Of course, you could accomplish this with a RAID 0. But then if any drive fails, you lose 100% of your plots across all of the drives in that array.

If a JBOD array works the way I think that it works, then if one of the drives fail, you will lose only the plots that are on that one drive (plus any partial plots that are on that drive and an adjacent drive – one more plots if your first or last drive failed, and two more plots if any of the other drives failed). So you cut your losses, significantly, compared to a RAID 0.

RAID 5 is a RAID 0 with a parity drive (allowing the loss of any 1 drive, and no data loss). If you lose a drive in a RAID 5, it effectively becomes a RAID 0, until you swap out the failed drive, and your RAID controller will automatically build the array back to a RAID 5 (back to being able to absorb a single drive failure).

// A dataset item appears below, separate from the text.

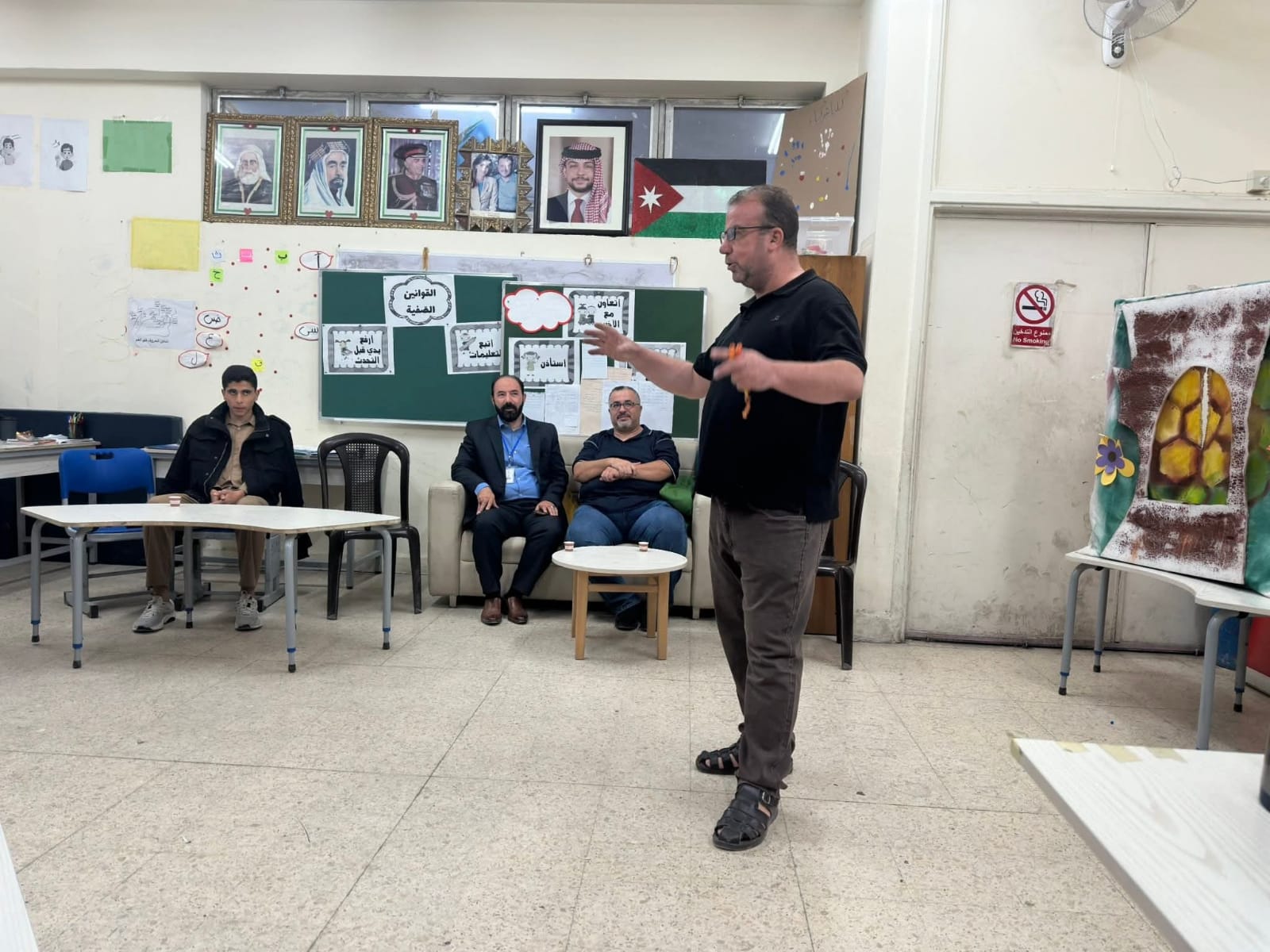 كما شهد اليوم عرضاً لمجموعة من المسرحيات التفاعلية التي تناولت قضايا تربوية هادفة مثل التنمر والنظافة والمحافظة على ممتلكات المدرسة والصدق والأمانة والتعاون وحب المدرسة والوطن وتميز العرض بأسلوب المسرح التربوي بالدمى الذي يعزز التواصل اللغوي والنطقي لدى الطلبة ويغرس فيهم القيم والسلوكيات الإيجابية بإشراف المخرج المسرحي عيسى الجراح وفريق المسرح المدرسي.

The problem with RAID 5, as it pertains to Chia, is that you basically lose one drive’s worth of data storage.

So if your RAID 5 has 10 drives in it, then you get the total storage capacity of 9 drives (the 10th, parity drive, is your parachute when a drive fails). So you are paying a bit more per TB of storage space.

If you have 50 drives in a RAID 5, then the cost per TB is, as a percentage, not a big difference. But if you have 5 drives in a RAID 5, then you are paying a big hike per TB to run that RAID 5.

This is why I believe that a JBOD RAID (if my understanding is correct) will give you the maximum available space, and the minimum amount of risk (in the event of a drive failure).

RAID 0 and RAID 5 are faster than JBOD (RAID 0 being the fastest). But for Chia, that speed difference should not matter.

If anyone can confirm what the impact of a lost disk, in a JBOD array is, I would appreciate hearing from them.

==========

***** Please disregard.
I discovered that JBOD will trash 100% of your data, if a single drive fails.

JBOD = “Just a bunch of disks” means that every hdd in your JBOD pop off as a single drive in your OS… Nothing more and nothing less.